Aug 23, 2022
(Nanowerk Spotlight) Throughout human history, technological progress has been inseparably intertwined with advances in military weaponry. Through the ages we can see how new inventions revolutionized both the living standards of society and the advancement of warfare technology. The Stone Age, Bronze Age and Iron Age led to a progression of wooden, stone and metal weapons from arrows and bows to spears, axes, swords, chariots, and heavy siege weapons.
With the invention of gunpowder in ninth-century China, chemical explosives entered the stage. While initially intended for use in pyrotechnics, it saw widespread use throughout the world in the development of small firearms and artillery guns.
In the early 20th century, World War I became a flash point for the development of various advanced warfare technologies not only for ground wars (long and short range guns, tanks, chemical weapons) but also for emerging air forces (aircraft, helicopters) and navies (battle ships, submarines). The full-scale demonstration of these technologies appeared during World War II in addition to the development (and use) of the first nuclear weapons.
The second half of the 20th century witnessed the moon race between the large superpowers USSR and USA, which led to the development of ever more powerful missiles. In addition, great emphasis was given to the development of ever more lethal weapons of mass destruction in the form of NBC (nuclear, biological, chemical) technologies despite a range of international treaties against the development and use of such weapons.
This period also saw an increased emphasis on the development of protective technologies such as armour, camouflage, and stealth.

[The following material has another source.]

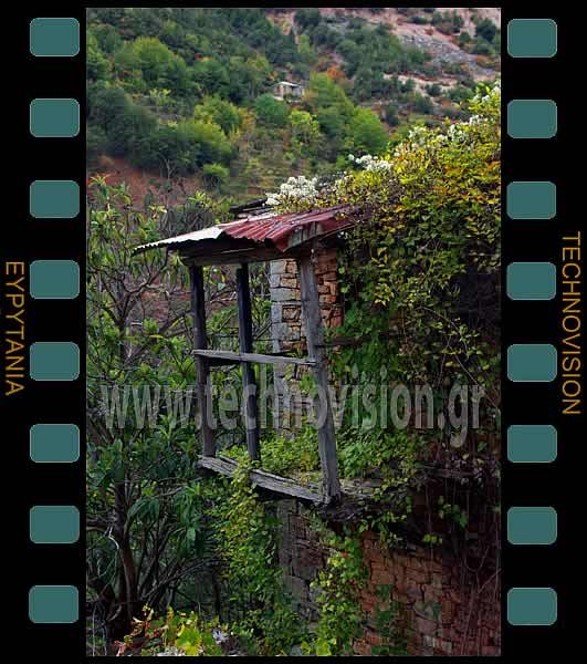 Λογγιές. Το Σταθέικο σπίτι, με φόντο την Καστανούλα.

The rise of new technologies
The rapid emergence and confluence of nanotechnologies, biotechnologies and information technologies in the past two decades is having a huge impact on the development of military technologies. Some examples:
Nanotechnology-enabled new structural materials: High strength, light weight, corrosion and heat resistant structural materials (metals, alloys, ceramics, polymers, composites).
Thin-films made of nanocarbons that can be deposited onto surfaces for electrically active coatings.
Nanocomposites and engineered nanoparticles for high-energy munitions.
Nanometals and energy-absorbing nanomaterials for for armaments.
Self Decontaminating Surfaces exploiting surface structures of nanomaterials.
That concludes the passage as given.